Gardons-nous de cette cruelle anatomie, exercée sur le vif, et toujours meurtrière. N’allons pas, en traitant le passage : La Parole de Dieu atteint jusqu’au fond de l’âme et de l’esprit, des jointures et des moelles, (Hébreux 4.12) distinguer scrupuleusement les éléments d’un passage dont la confusion fait la beauté. Quel ne serait pas l’étonnement de saint Paul s’il voyait établir un discours ou bâtir un système sur des distinctions auxquelles il ne pensa jamais !

Des sermons de pure science, tels que ceux de Dwight sur le sabbat, de Clarke [sur l’existence de Dieu], ne me semblent point des sermons ; sans que je veuille nier qu’il y ait des temps et des lieux où l’on a pu prêcher ainsi.

L’apologétique peut fournir des sujets à la chaire ; et, dans un sens, tout l’ensemble de la prédication est de l’apologétique. Mais, à prendre ce mot dans son sens ordinaire, la chose qu’il désigne ne peut être employée dans la prédication qu’avec beaucoup de discrétion. La nature de l’auditoire, le peu d’étendue des discours, ne le comportent guère.

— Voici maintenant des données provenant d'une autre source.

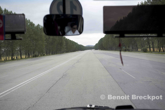 L’absence de voiture ou d’autres véhicules motorisés est frappante. Il nous arrive de prendre l’autoroute, de rouler plusieurs heures, sans croiser aucune voiture. Les quelques véhicules autorisés à se déplacer sont ceux appartenant aux cadres dirigeants, roulant à toute allure sur des routes en mauvais état et balayées, oui balayées (!) par les habitants. Les bords des routes sont longés par des travailleurs, des charrues et des bêtes bien chargées. Et leur destination nous est inconnue. Nos questions au guide restant, majoritairement, sans réponses.

Il faut craindre de rencontrer le scandale en cherchant l’édification. – N’oublions pas qu’en religion chrétienne, montrer c’est démontrer. Virtutem videante!

e – Perse. Satire III, vers 38

Il y a une apologétique générale qui peut, en tout pays, fournir des sujets de prédication. Saurin (Suffisance de la révélation), Bourdaloue (Sagesse et douceur de la loi chrétienne), Tillotson (Tranquillité que donne la religion et Utilité de la religion par rapport aux sociétés) [n’ont eu garde de les négliger.] Les sermons de la fondation de Boyle, ceux de Chalmers sur l’astronomie peuvent se justifier, mais ils semblent demander un auditoire spécial. On peut en souhaiter un auquel des sermons de ce genre puissent convenablement être adressés. Peut-être ne faudrait-il pas être aussi timide qu’on l’est à introduire de tels sujets.

[Après l’apologétique il convient de mentionner la controverse.] La vraie controverse de la chaire a lieu avec le péché, qui est la grande hérésie. Celle de symbole à symbole, d’Église à Église, est peu convenable en général. On pourra dire que le péché est au fond de chaque hérésie, ou s’y rattache aisément ; qu’en religion aucune erreur n’est oisive. Cela est vrai ; mais, ou bien cette hérésie ne se produit pas sous les regards de votre Église, et alors pourquoi en parler ? ou elle est sous ses yeux ; et alors, en général, il vaut mieux surmonter le mal par le bien, absorber l’erreur dans la vérité. C’est encore ici le cas de dire : Virtutem videant !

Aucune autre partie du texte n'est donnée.